It has already established subsidiaries in the US and Australia for trading wires and cables
Riding on the global wave of anti-China sentiments, wires and cables manufacturer Polycab India plans to expand its presence in international markets where dependence on Chinese imports is higher, a senior company official said.
The company is targeting markets like the US, Australia, Europe and Africa, among others, its chief financial officer Gandharv Tongia told PTI.
“As a strategy, we are specifically targeting the markets where local manufacturing is not so strong or the dependence on Chinese imports is large. These markets are now looking at India and we want to take advantage of this opportunity,” he said.
The company has already identified some 10 markets or customer sectors where imports from China have been traditionally higher.
It has already established subsidiaries in the US and Australia for trading wires and cables.
“We are in the process of establishing tie-ups with local partners to create a strong dealership network and other strategic partnerships. We have a leadership position in India, and we want to replicate the same globally as well,” he added.
With these measures, the company is targeting nearly 10 per cent of its topline to be contributed by exports.
“Barring the large one-time export order we bagged last year, which contributed to nearly 10-12 per cent of the topline, the contribution of exports has been around 3 per cent. We are hoping to take it to nearly 10 per cent in the next 3-5 years,” Tongia added.
When asked about the impact of COVID-19 pandemic on company’s domestic business, he said, “The topline took a hit during the June quarter due to the COVID-19 crisis as there was no business in April, but we maintained a positive P&L.”
He noted that while the consumer durable business, which contributes nearly 10 per cent to the topline, performed well, cable and wire business was impacted as government and private capex in infrastructure, construction and real estate sectors, among others, came down during the period, thus pulling down the demand.
“However, we are seeing things improving now. Also, since ours is a distribution and dealership based business, we can reach out to our customers easily,” Tongia added.

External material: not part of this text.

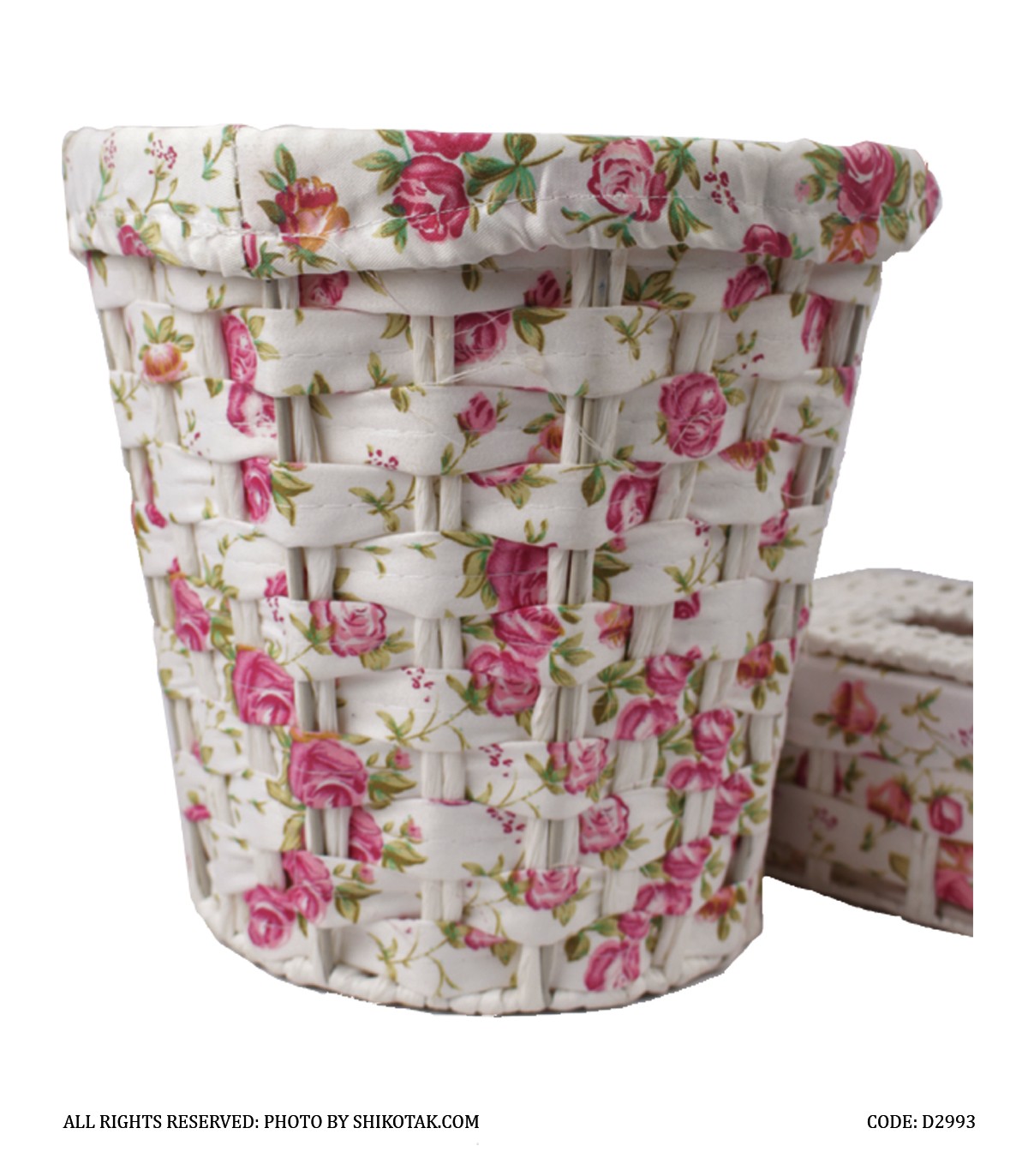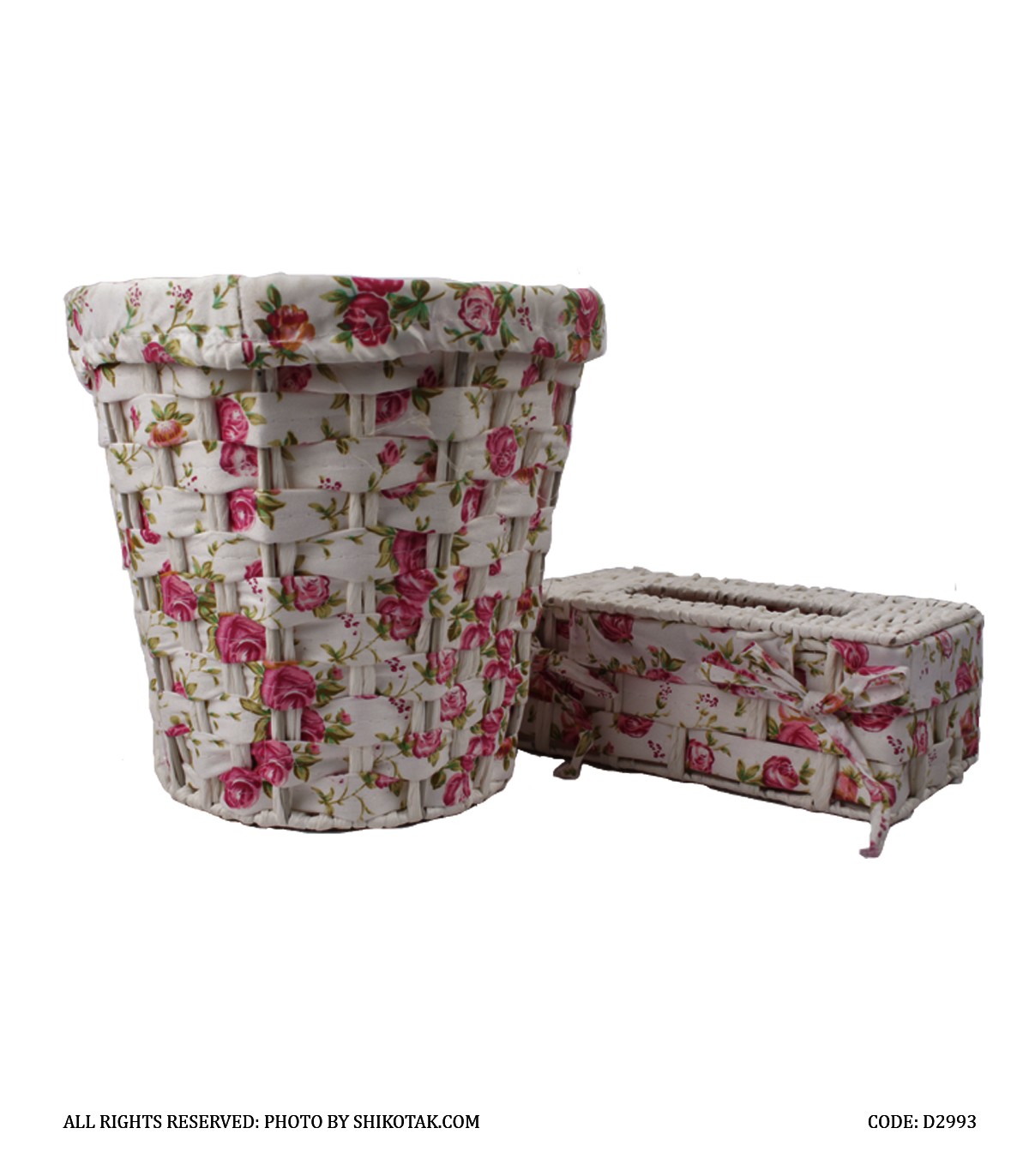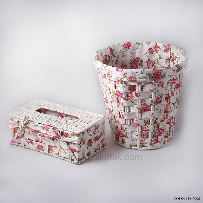 ست جادستمال و سطل زباله سفید طرح شطرنجی پارچه

The company has nearly 3,500 dealers and distributors, 1.4 lakh retailers and 30 warehouses in India.
When asked about the guidance for the fiscal, he said, “We are yet to analyse the Covid situation. Now that the country is entering the unlock phase, once that is done, we will be giving our guidance.”
The company has 25 manufacturing facilities, including two joint ventures with Techno and Trafigura, located across Gujarat, Maharashtra, Uttarakhand and the union territory of Daman and Diu.